--- Supplied material ---

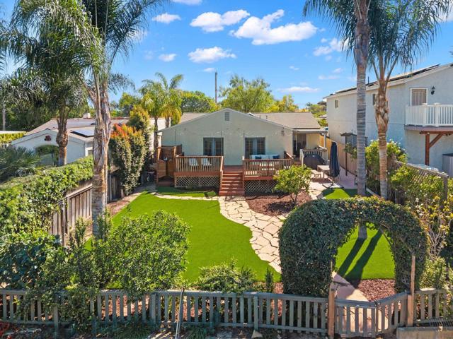 Tucked away on one of Normal Heights’ most coveted streets, this exceptional canyon property offers a rare combination of privacy, scale, and sweeping views on over a quarter acre. Set above the canyon, the home captures a true sense of space and serenity—something seldom found in this central, walkable neighborhood. Inside, the single-level layout is designed for effortless living, with an open-concept floor plan that seamlessly connects the kitchen, dining, and living areas. The beautifully updated kitchen features clean lines, ample cabinetry, stainless steel appliances, designer lighting, and a generous breakfast bar that flows naturally into the main living space—ideal for both everyday living and entertaining. The layout lives larger than its footprint, with a natural flow that feels both open and inviting. Natural light fills the home, while large French doors frame picturesque greenery and canyon vistas beyond. The indoor-outdoor connection continues as you step out to an expansive backyard retreat, where lush landscaping, mature trees, a view deck, and multiple seating areas create a private setting to relax, host, and take in the views. The elevated positioning of the lot enhances both privacy and the overall sense of retreat. The property’s oversized lot offers endless potential—whether it’s expanding the home, adding an ADU, or creating a resort-style outdoor experience. All of this, just moments from the best of Adams Avenue—local dining, coffee shops, and neighborhood charm—while still feeling worlds away.
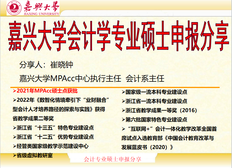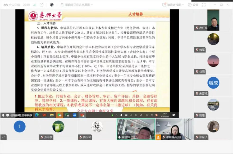 在公司应用型战略定位的指引下,在yl23411永利官网登录的大力支持下,围绕财会硕士点申报和学科打造,2025年1月6日晚,yl23411永利官网登录财务管理系邀请嘉兴大学yl23411永利官网登录会计系主任、MPAcc教育中心执行主任崔晓钟开展“嘉兴大学会计学专业硕士申报分享”的专题辅导。yl23411永利官网登录副经理卢红旭副教授、财务管理系全体教师在线参加了本次活动。
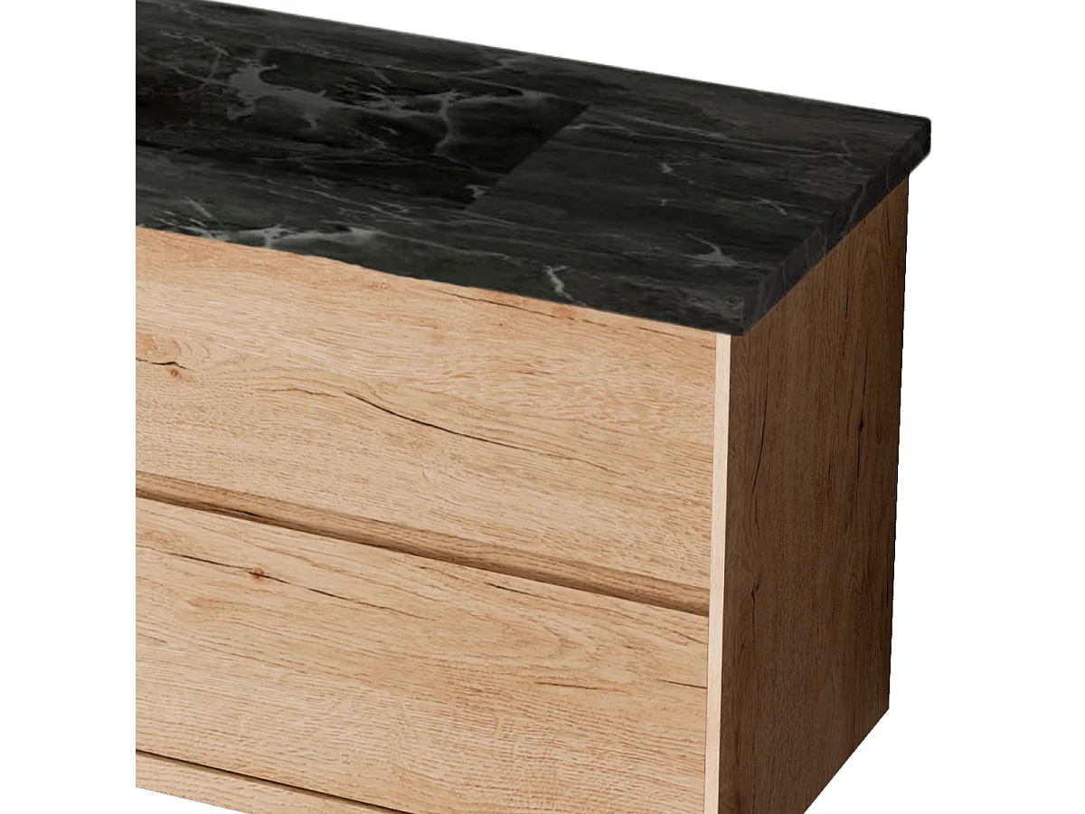 Meuble Salle de Bain COOL (61 cm x H54 x P45 cm), Plan Vasque Grès Cérame NA, 2 Tiroirs, Chêne Naturel
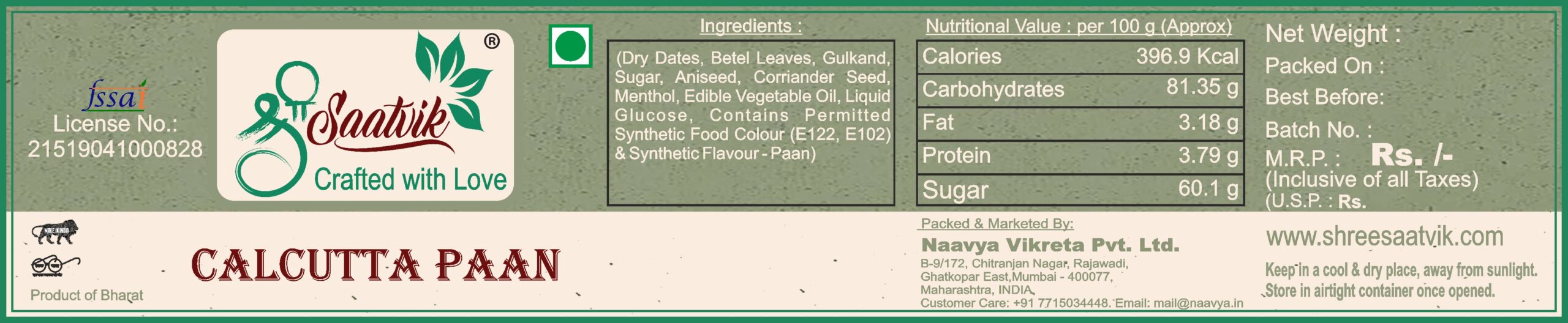 Ingredient : Dry Dates, Betel Leaves, Gulkand, Sugar, Aniseed, Corriander Seed, Menthol, Edible Vegetable Oil, Liquid Glucose, Contains Permitted Synthetic Food Colour (E122, E102)
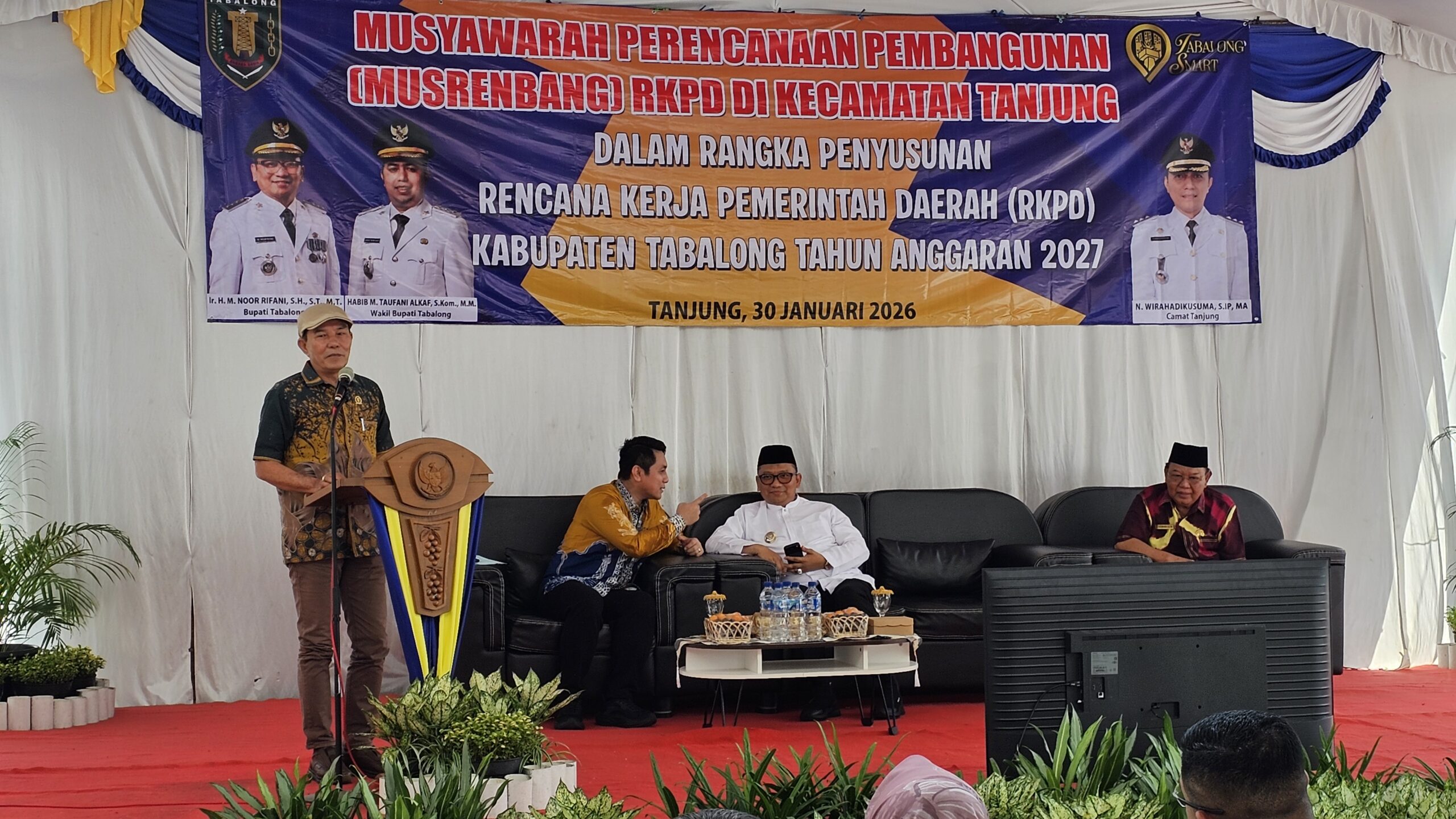 Musrenbang RKPD 2027 di Tanjung ini dihadiri Bupati Tabalong, H Muhammad Noor Rifani dan didampingi Ketua Komisi I DPRD Tabalong, H Akhmad Helmi serta anggota DPRD Tabalong, H Tadzuddin di halaman Kantor Camat, Jumat (30/01/2026).

---

- **Exercise directions**
Find the line holding "在公司应用型战略定位的指引下" in the data above. Retype it and every later line exactly, through the end, but not the pictures.

- **Answer for this exercise**
 在公司应用型战略定位的指引下,在yl23411永利官网登录的大力支持下,围绕财会硕士点申报和学科打造,2025年1月6日晚,yl23411永利官网登录财务管理系邀请嘉兴大学yl23411永利官网登录会计系主任、MPAcc教育中心执行主任崔晓钟开展“嘉兴大学会计学专业硕士申报分享”的专题辅导。yl23411永利官网登录副经理卢红旭副教授、财务管理系全体教师在线参加了本次活动。
 Meuble Salle de Bain COOL (61 cm x H54 x P45 cm), Plan Vasque Grès Cérame NA, 2 Tiroirs, Chêne Naturel
 Ingredient : Dry Dates, Betel Leaves, Gulkand, Sugar, Aniseed, Corriander Seed, Menthol, Edible Vegetable Oil, Liquid Glucose, Contains Permitted Synthetic Food Colour (E122, E102)
 Musrenbang RKPD 2027 di Tanjung ini dihadiri Bupati Tabalong, H Muhammad Noor Rifani dan didampingi Ketua Komisi I DPRD Tabalong, H Akhmad Helmi serta anggota DPRD Tabalong, H Tadzuddin di halaman Kantor Camat, Jumat (30/01/2026).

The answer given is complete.